Elaborating on The Graph Retroactive Grants

As you may have read in the Wave 7 blog post, Graph Grants is evolving and The Graph Foundation will be approaching grants differently in the new year! During the last wave, we introduced retroactive grants funding as a new category of funding that will optimize the impact of grants in the ecosystem and ensure high-priority initiatives receive support.

The philosophy of funding retroactive public goods in web3 was introduced by Vitalk Buterin when he stated that “the core principle behind the concept of retroactive public goods funding is simple: it’s easier to agree on what was useful than what will be useful.” – July 2021.

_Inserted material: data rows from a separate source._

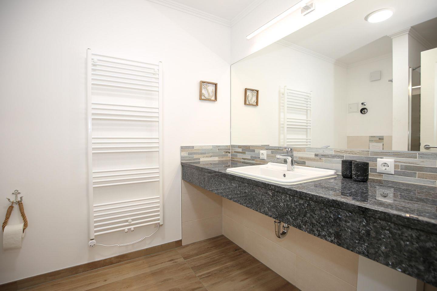 Das Tageslichtbad mit ebenerdiger Dusche ist mit einem großzügigen Waschtisch und einem Föhn ausgestattet.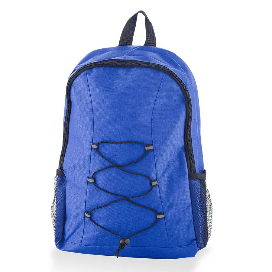 Morral en poliéster 600D, dos bolsillos externos de malla, cordón exterior ajustable.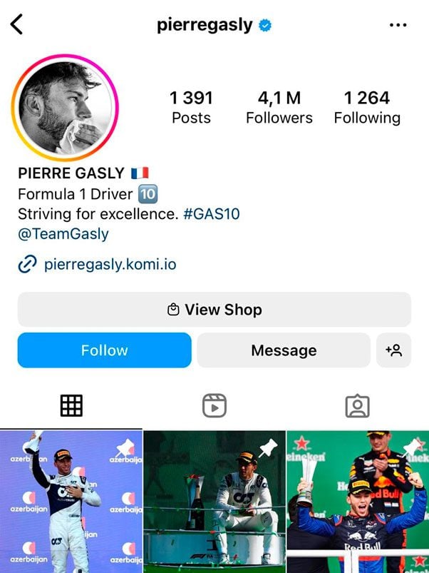 Em oitavo colocado está Pierre Gasly (@pierregasly), automobilista francês que está na Fórmula 1 pela equipe Alpine, com 4 milhões de fãs e seguidores, vem conquistando o público por seu talento no Grid.

In practice, we’ve seen this play out over the last 2 years. While we’ve distributed grants to incredibly interesting projects, we have also seen the pitfalls of funding initiatives too soon or not funding projects enough after seeing their impact in the community. As such, the grants program that’s overseen by The Graph Foundation will be transitioning to a greater focus on retroactive funding to high-priority projects that have achieved significant impact and utility in the community before having received grants.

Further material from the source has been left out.